Escribe: Fernando Scanavino.
Que el mundo cambió, no es noticia, pero que la noción de cambio se potenció exponencialmente, a tal punto de que la única estabilidad que existirá será el cambio mismo, como estabilidad de un futuro en permanente reconfiguración
Mientras la IA, sigue eliminando oficios y profesiones, los abogados debemos aggiornar una vez más, a los nuevos desafíos y utilizar esta herramienta como complemento del quehacer diario, en defensa del valor Justicia, en la vida de los hombres.
La complejidad no es solo tecnológica, sino más bien socio- política, con regímenes de gobierno, que atentan al estado de derecho y al precario derecho internacional público los ayer cuestionamientos a las estructuras hoy son acciones o ataques, por reemplazos que rozan autoritarismos místicos, carente de toda fundamentación.
A nuestra república, le costó mucho su consolidación y ni hablar de nuestra democracia, que insuficiente y todo, aprendimos que se debe mejorar con más y mejor democracia, nunca con nostalgias de épocas, que jamás debieron existir.
Hoy frente a ciertos avances, que distan de soluciones, los derechos consagrados constitucionalmente luego de la gran reforma de 1994, se están viendo amenazados, por políticas que lejos de elevarla terminaron por detornarlos.
No se corrigen haciendo pagar justos por pecadores, sino fortaleciendo al débil y castigando con la ley al “vivo”, hablar de “discapacitados” “personas especiales” etc., es desconocer la estructura legal vigente, comenzando por su denominación correcta “PERSONA CON DISCAPACIDAD”, de entre lo más básico, se trasluce y exhibe una ignorancia supina, la de funcionarios o dirigentes que no están a la altura de las circunstancias, evidentemente.
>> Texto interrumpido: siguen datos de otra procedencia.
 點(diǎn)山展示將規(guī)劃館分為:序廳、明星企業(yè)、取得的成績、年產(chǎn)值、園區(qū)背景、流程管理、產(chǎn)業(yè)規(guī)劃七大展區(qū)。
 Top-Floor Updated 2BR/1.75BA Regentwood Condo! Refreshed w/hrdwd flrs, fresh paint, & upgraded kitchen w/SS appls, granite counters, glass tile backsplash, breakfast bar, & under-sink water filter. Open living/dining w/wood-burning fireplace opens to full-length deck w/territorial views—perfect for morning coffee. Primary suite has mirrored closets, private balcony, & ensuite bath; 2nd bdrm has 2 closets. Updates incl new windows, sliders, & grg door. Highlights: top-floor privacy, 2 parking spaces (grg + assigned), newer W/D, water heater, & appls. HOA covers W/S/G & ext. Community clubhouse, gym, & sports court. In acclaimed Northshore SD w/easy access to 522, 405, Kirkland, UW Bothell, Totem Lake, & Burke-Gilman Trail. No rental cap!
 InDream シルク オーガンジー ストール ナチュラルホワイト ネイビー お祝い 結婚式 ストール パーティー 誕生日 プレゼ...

Capítulo aparte es el avance sobre conquistas y derechos laborales, cuya defensa, hoy es modelo en los tribunales del fuero, con el dictado de la suspensión de reformas, que atentan directamente al trabajador y su familia, cuando los países más desarrollados, están halando de reducción de horas y días, la argentina discute volver al pasado cuasi esclavista.
La lucha de mujeres y de minorías de diversidad sexual, basada en una falsa dicotomía, se presenta en forma equívoca, como si los abusos de algunos, alcanzarán y mancharan la causa de todos.
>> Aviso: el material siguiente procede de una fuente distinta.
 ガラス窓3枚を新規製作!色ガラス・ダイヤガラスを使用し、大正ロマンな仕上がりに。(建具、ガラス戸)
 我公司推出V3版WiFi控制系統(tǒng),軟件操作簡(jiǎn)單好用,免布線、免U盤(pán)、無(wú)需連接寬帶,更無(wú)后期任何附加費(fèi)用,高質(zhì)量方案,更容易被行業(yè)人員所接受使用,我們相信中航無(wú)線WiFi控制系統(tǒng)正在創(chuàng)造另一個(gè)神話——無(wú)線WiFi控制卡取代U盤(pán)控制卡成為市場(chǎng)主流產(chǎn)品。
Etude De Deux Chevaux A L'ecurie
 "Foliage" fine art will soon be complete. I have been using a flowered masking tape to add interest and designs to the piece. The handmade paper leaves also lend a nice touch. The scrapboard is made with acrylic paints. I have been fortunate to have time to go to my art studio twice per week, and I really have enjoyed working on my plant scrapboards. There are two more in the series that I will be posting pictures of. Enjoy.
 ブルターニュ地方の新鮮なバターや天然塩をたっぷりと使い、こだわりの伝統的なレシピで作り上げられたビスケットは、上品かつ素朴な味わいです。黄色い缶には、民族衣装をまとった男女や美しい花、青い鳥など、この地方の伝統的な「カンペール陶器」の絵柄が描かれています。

Por último y no menor nos tenemos que dar cuenta que entre las banderas innegociables, como sociedad que tenemos son la educación y la salud pública, que ante el mundo nos coloca en situación diferenciadora de su calidad y excelencia.
La educación y en particular a la educación universitaria, nos habla cinco premios nobeles, de reconocimientos internacionales, de una movilidad social inédita en todo América y de una solidez única, pese a los embates históricos, que aún la hace totalmente destacable.
En cuanto a la salud pública, no hay vida sin salud, y el mercado no solo no basta, si la desigualdad no se combate con políticas activas, estaremos hipotecando generaciones enteras, condenándose a la decadencia y falta de futuro.
No se trata del tamaño del estado, se trata de la eficacia del mismo, se trata de la erradicación de la corrupción en la acción de gobierno, de la capacidad de depuración y de la conformación de equipos profesionales, que ejecuten un plan con visión de futuro, y dejar las alianzas meramentes electorales y personalista, para dar paso las reformas políticas y económicas, que aún siguen esperando.
En cada una de esas luchas a título individual, y como colectivo social, hoy es la republica, la que necesita que los abogados seamos guardia pretoriana del orden jurídico.
Dirigentes, funcionarios políticos y judiciales, abogados públicos y privados, tenemos la obligación real y moral, de dejar de pregonar y recitar derechos, para exigir su cumplimiento, sin avasallamiento del poder de turno.
No tengo dudas, que estaremos en la trinchera, con la única arma que debemos usar NUESTRA CONSTITUCIÓN.
A colegas y amigos, lo saludo en este especial día.